I had spent my entire sexual life on the Pill. Was it possible that I didn’t really know my sexuality at all?

The thought bothered me more and more until I decided that I had to do something about it. I wanted to know what my body really felt like, what it wanted, and how it was naturally supposed to act when it came to attraction and sex. So, with more than a little trepidation, I stopped renewing my prescription and started relying on condoms as my primary form of birth control.

Then, about a year into my current relationship, my partner and I decided that we were ready to ditch the condoms. I wasn’t going to go back on the Pill — the changes I’d seen since going off were way too awesome to even consider it — and I’d used a diaphragm in the past. I went to the doctor and got fitted, only to discover that the process of getting a diaphragm was considerably more complicated than it had been 10 years ago.

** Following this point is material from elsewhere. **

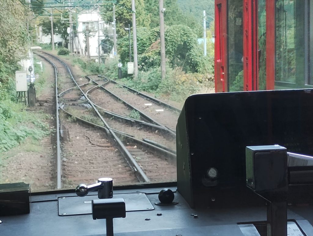 下はスイッチバックの地点です。我々の電車は左側の坂を下ってきました。対向する車両(写真右側の車両)がスイッチバックして坂を登り始めたところです。右の電車が左側の上り坂を進み、その後、我々の電車も動き出し右側の坂を下ります。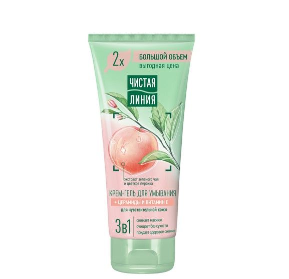 Добавьте в ежедневный уход новую усиленную формулу для комфорта вашей кожи°! Крем-гель для умывания Чистая Линия 3 в 1 с церамидами и витамином Е разработан с учетом потребностей чувствительной кожи. Он не только бережно снимает макияж', но и очищает без сухости, придает здоровое сияние благодаря активным ингредиентам в его составе. • Церамиды уменьшают излишнюю чувствительность и восстанавливают эластичность. • Витамин Е, известный своим антиоксидантным действием, успокаивает кожу, снижает покраснения. • Экстракт зеленого чая, благодаря содержанию полифенолов, нейтрализует свободные радикалы, которые ускоряют процесс старения, а также увлажняет и смягчает кожу. • Экстракт персика увлажняет и тонизирует кожу, возвращает ей упругость и тонус. Раскрывает сияние и разглаживает морщины, питает и смягчает кожу, делает ее бархатистой, эластичной и упругой. Успокаивает и предотвращает шелушение. Крем-гель для умывания Чистая Линия представлен в выгодном объеме 200 мл'', которого хватит надолго.

If you hear “diaphragm” and think, “Isn’t that the thing under my lungs that helps me breathe?” then, congrats! You probably got an A in high school science! However, a diaphragm for birth control is a round piece of silicone that I slather with spermicide before folding it up and inserting it into my vagina, similar to a Diva Cup. It sits behind my pubic bone and blocks my cervix, keeping any sperm from making their way in and knocking me up.

Now you might be thinking, “Oh yeah, I think maybe my grandma used that?” and you’re probably right. My grandma definitely did, pre-Pill, and so did my mom, after the earliest hormonal birth control pills made her a crazy maniac. In fact, generations of American women used the diaphragm as an effective (and for some, not as effective, but we’ll get to that later) hormone-free barrier contraceptive for years and years.

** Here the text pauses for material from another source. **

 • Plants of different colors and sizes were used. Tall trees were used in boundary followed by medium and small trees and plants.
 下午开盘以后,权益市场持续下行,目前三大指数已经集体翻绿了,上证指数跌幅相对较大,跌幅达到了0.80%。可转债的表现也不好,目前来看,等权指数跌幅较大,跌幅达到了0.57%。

Despite that fact, as I discovered one day late last summer, you can’t buy one in the United States anymore.

What’s the deal? What happened to this cheap, effective, hormone-free contraceptive? Why is it no longer even presented as an option anymore?

Let’s start by taking a look at what the medical industry says about diaphragms. From the early 1900s when Margaret Sanger illegally imported them in defiance of the Comstock Laws up until the invention of the Pill, they were all about them. The diaphragm was used by as many as 25% of couples in 1955, and some sources put that percentage as high as one third.

However, with the introduction of the Pill and the IUD in the ‘60s, the diaphragm’s popularity plummeted. It’s much easier to take a pill every day or get an IUD put in your uterus than it is to figure out how your insides are shaped, insert a springy piece of silicone (or, back in the day, rubber) before sex, and then reach up inside to pull it out eight hours later.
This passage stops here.